▸ **Goal of the exercise**:
This task calls for the lines below starting at the one containing "eficiente y estable." and ending at the one containing "Im ersten Anschein", repeated exactly with both ends kept and pictures left out.

▸ **Data extract**:
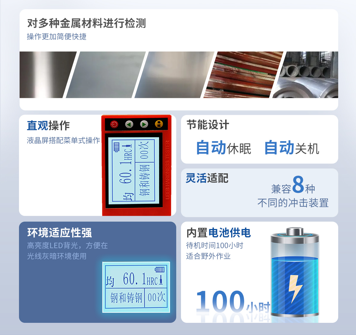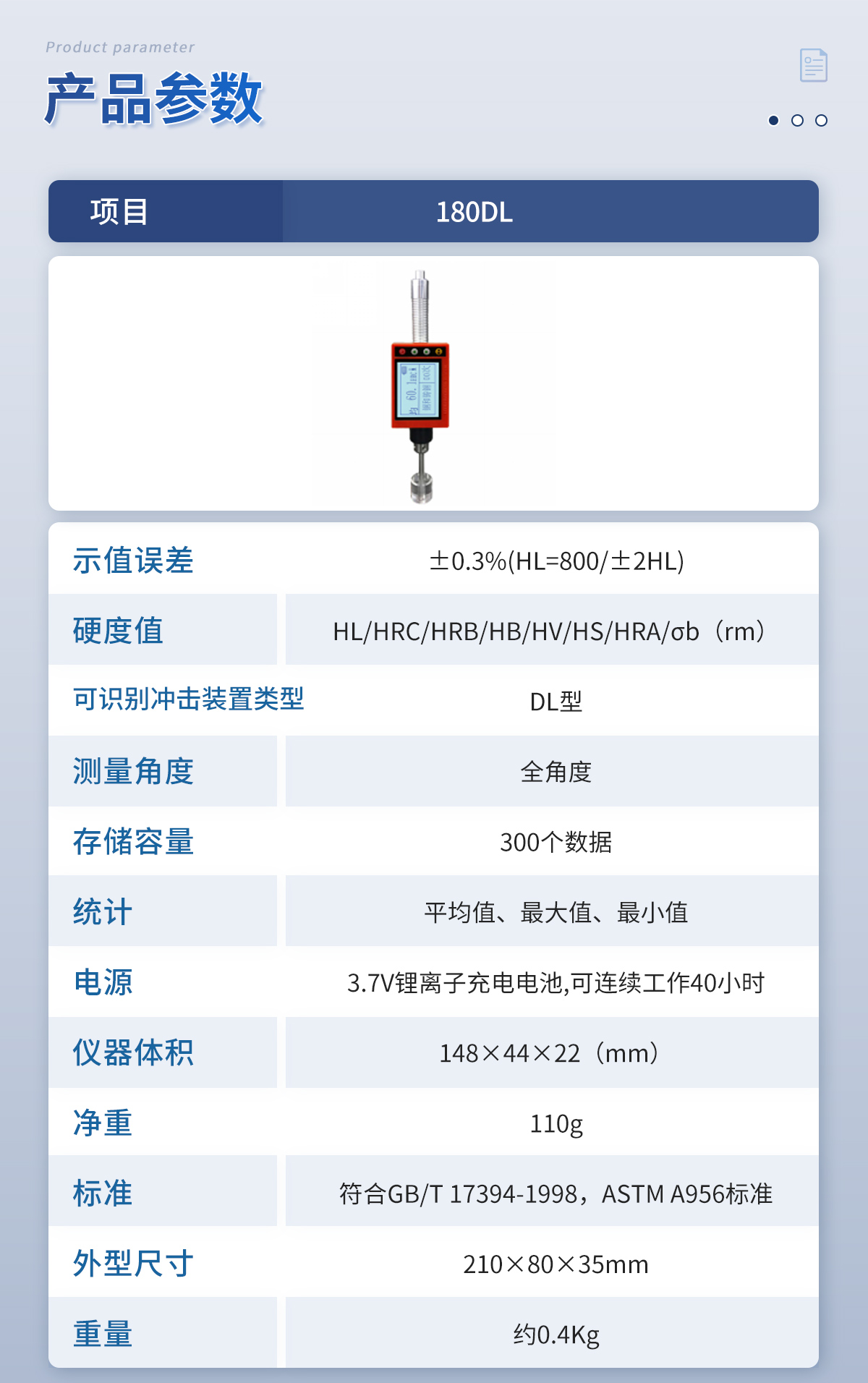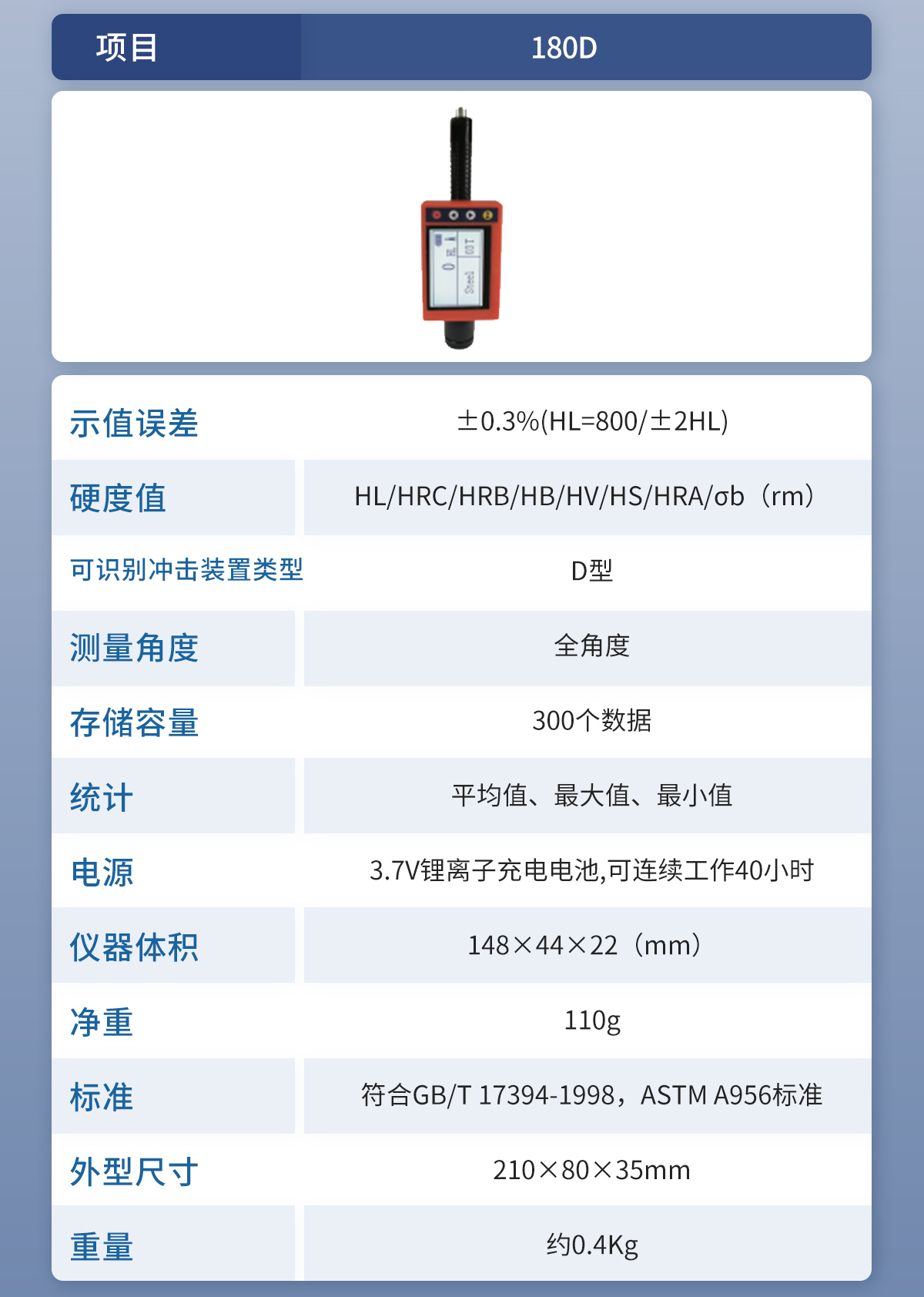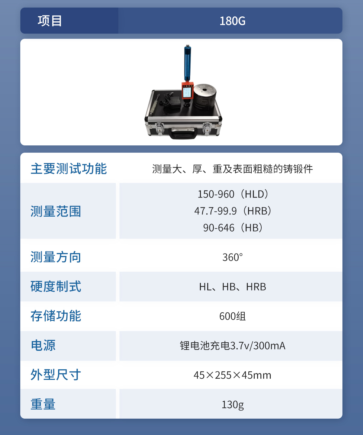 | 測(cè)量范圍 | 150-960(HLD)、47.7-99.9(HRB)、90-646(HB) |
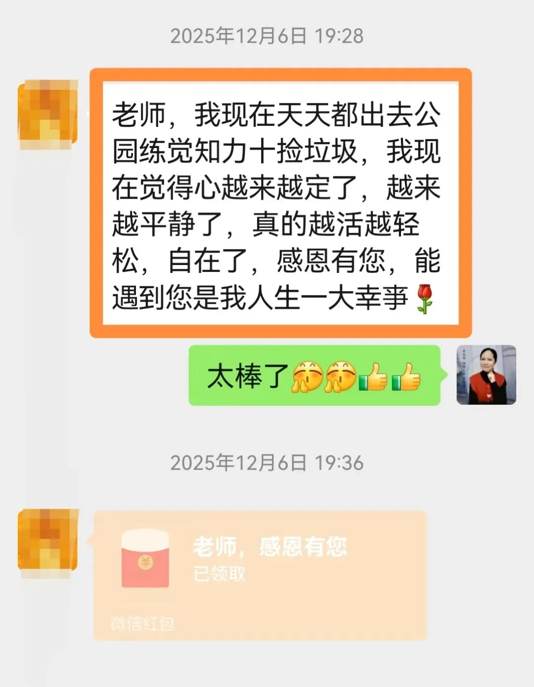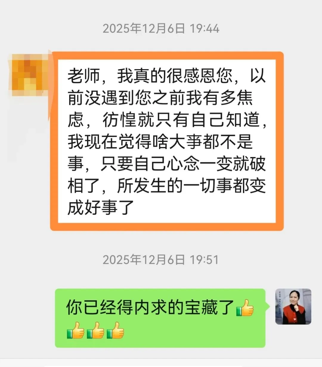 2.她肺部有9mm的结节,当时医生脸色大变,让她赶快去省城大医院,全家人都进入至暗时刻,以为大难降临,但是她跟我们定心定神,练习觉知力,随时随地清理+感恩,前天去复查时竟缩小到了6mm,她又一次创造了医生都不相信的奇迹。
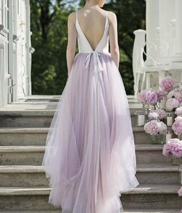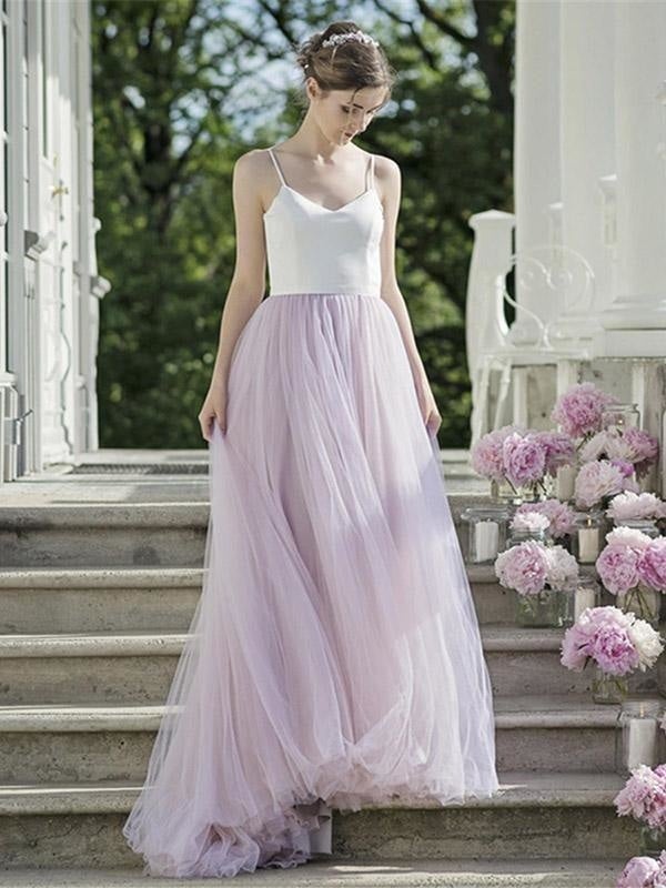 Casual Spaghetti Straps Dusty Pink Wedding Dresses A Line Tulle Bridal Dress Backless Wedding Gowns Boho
...
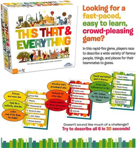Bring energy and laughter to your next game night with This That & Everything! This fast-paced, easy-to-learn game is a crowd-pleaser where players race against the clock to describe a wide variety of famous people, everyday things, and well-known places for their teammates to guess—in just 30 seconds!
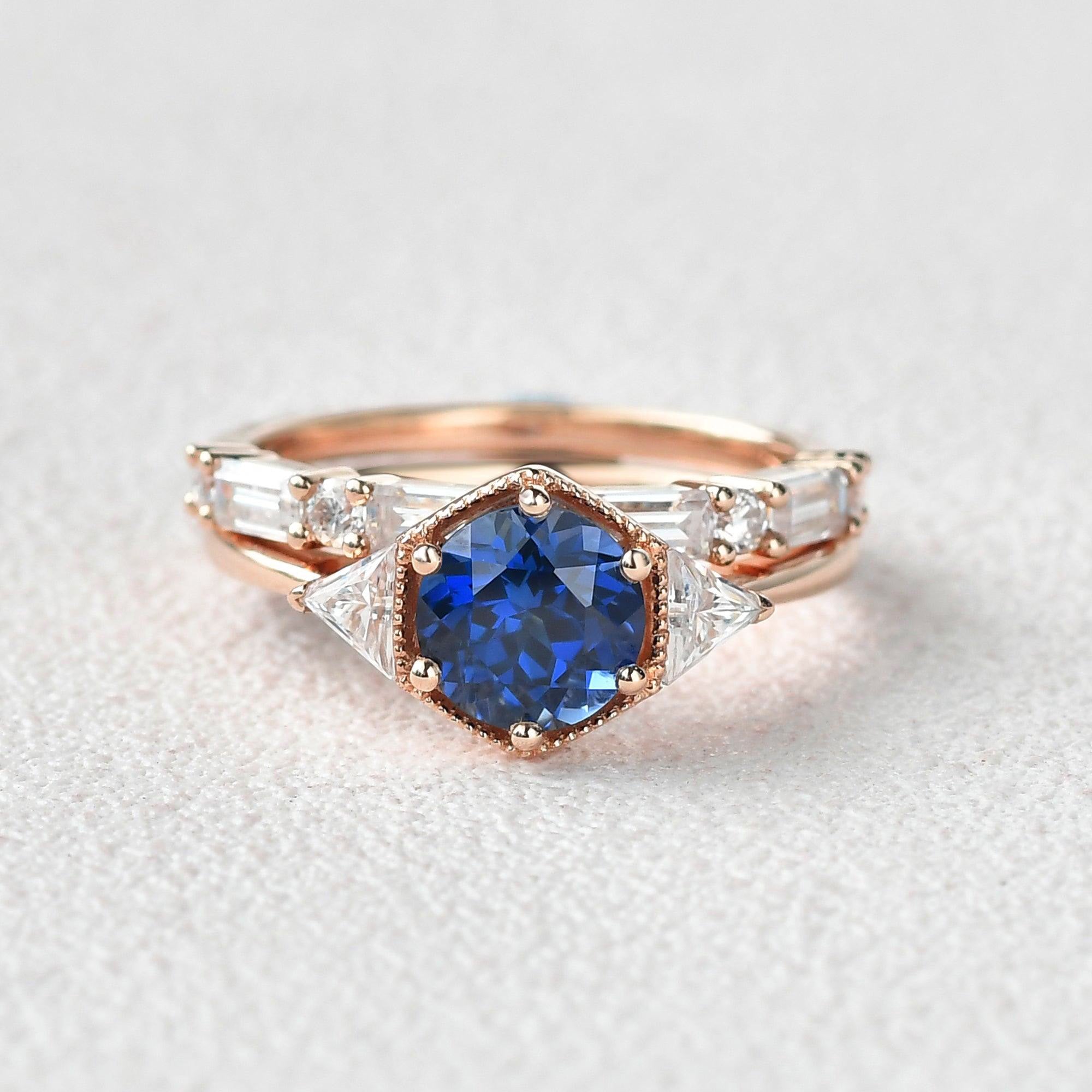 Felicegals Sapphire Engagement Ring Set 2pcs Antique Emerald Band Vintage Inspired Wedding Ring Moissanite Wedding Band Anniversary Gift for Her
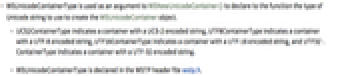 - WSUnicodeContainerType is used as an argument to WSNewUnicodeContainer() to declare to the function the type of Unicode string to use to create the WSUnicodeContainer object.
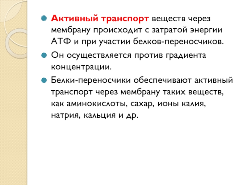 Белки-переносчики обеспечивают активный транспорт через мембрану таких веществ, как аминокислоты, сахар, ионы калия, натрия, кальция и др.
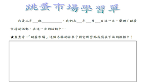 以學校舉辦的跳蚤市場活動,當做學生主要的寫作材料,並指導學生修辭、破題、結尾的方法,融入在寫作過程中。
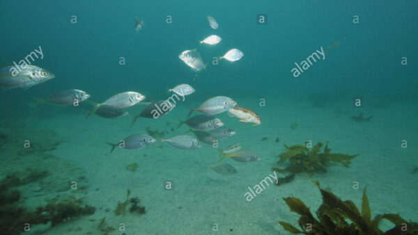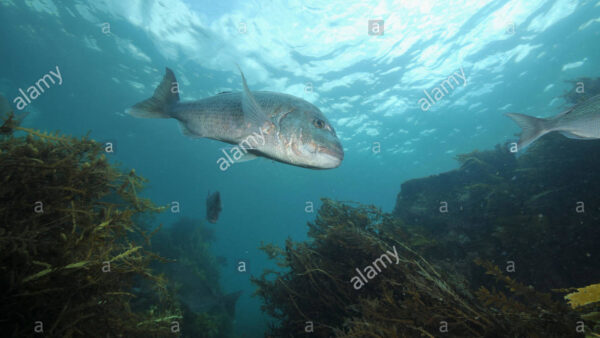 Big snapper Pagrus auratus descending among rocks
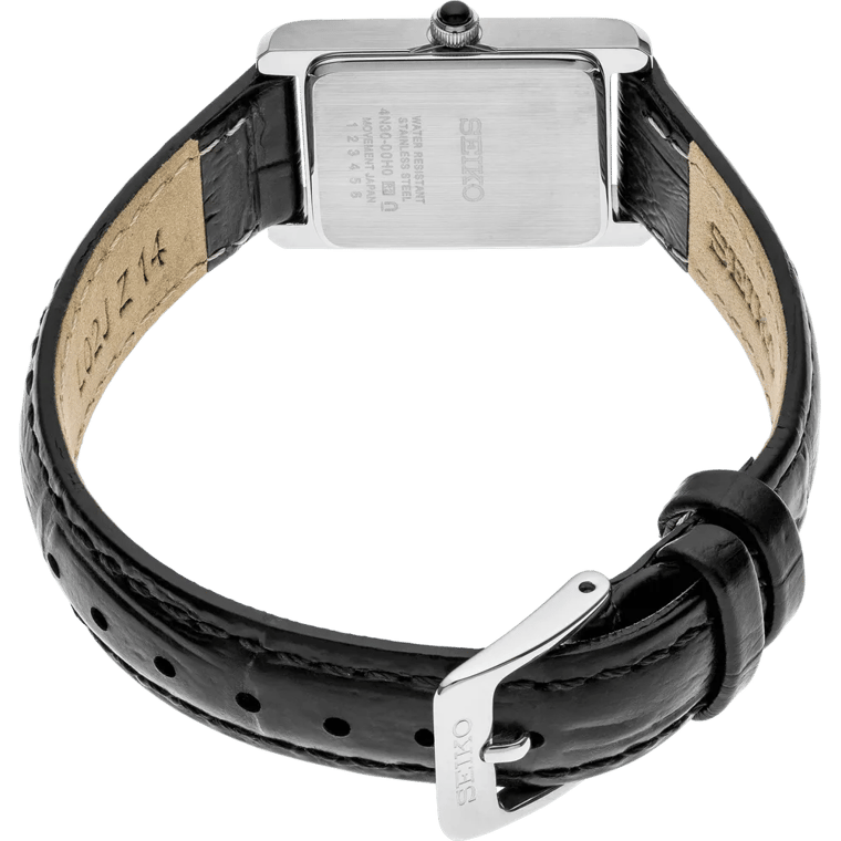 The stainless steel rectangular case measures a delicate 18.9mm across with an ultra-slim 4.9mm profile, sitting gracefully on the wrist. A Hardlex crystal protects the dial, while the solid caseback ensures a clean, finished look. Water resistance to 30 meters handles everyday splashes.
---
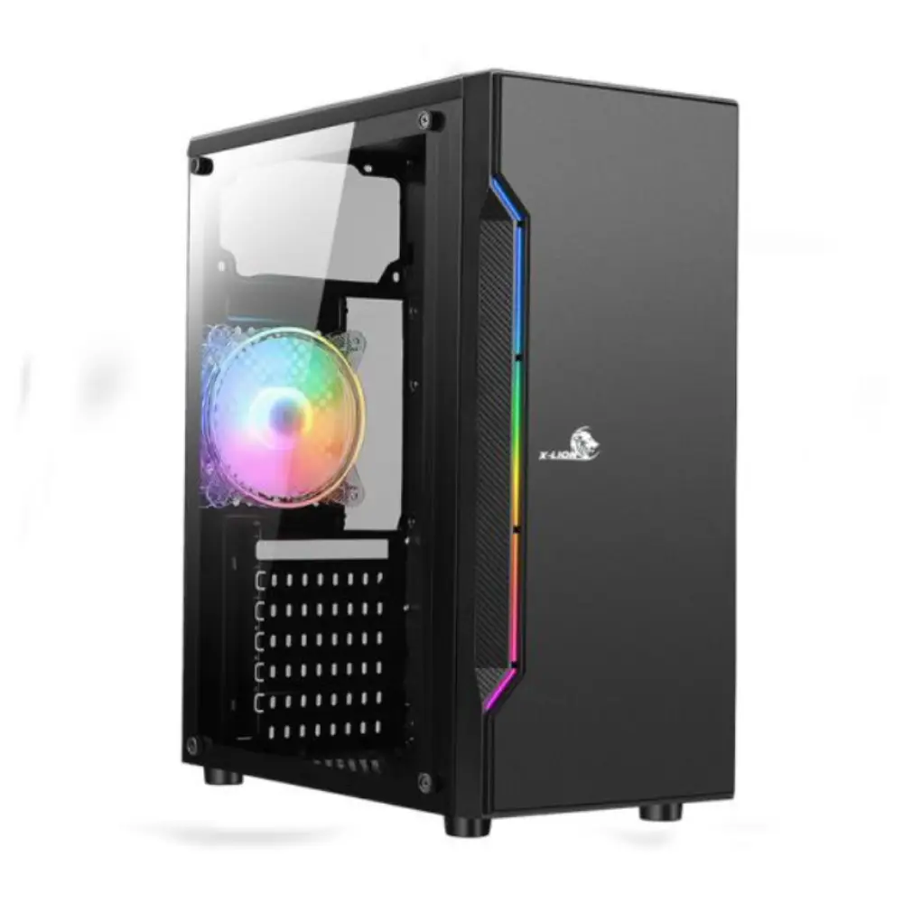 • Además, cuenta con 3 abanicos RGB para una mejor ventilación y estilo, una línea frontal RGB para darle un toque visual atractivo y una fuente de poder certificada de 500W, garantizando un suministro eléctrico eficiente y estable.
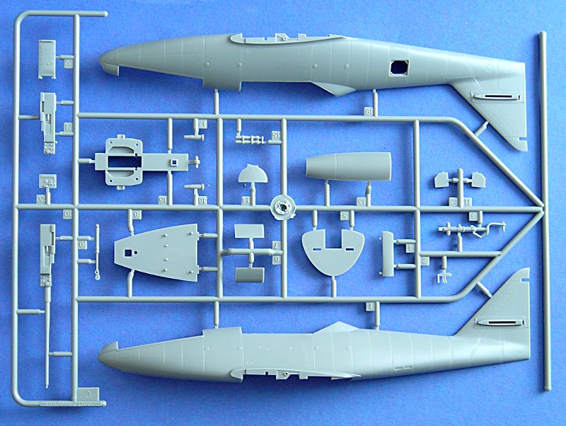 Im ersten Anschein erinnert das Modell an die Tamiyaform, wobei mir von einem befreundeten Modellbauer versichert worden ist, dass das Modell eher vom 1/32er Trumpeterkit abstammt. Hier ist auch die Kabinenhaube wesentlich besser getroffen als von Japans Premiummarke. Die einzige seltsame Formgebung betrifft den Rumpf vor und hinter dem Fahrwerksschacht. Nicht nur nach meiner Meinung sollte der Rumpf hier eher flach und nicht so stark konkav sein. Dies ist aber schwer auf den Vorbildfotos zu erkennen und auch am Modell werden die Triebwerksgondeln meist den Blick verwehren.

▸ **Solved problem**:
 • Además, cuenta con 3 abanicos RGB para una mejor ventilación y estilo, una línea frontal RGB para darle un toque visual atractivo y una fuente de poder certificada de 500W, garantizando un suministro eléctrico eficiente y estable.
 Im ersten Anschein erinnert das Modell an die Tamiyaform, wobei mir von einem befreundeten Modellbauer versichert worden ist, dass das Modell eher vom 1/32er Trumpeterkit abstammt. Hier ist auch die Kabinenhaube wesentlich besser getroffen als von Japans Premiummarke. Die einzige seltsame Formgebung betrifft den Rumpf vor und hinter dem Fahrwerksschacht. Nicht nur nach meiner Meinung sollte der Rumpf hier eher flach und nicht so stark konkav sein. Dies ist aber schwer auf den Vorbildfotos zu erkennen und auch am Modell werden die Triebwerksgondeln meist den Blick verwehren.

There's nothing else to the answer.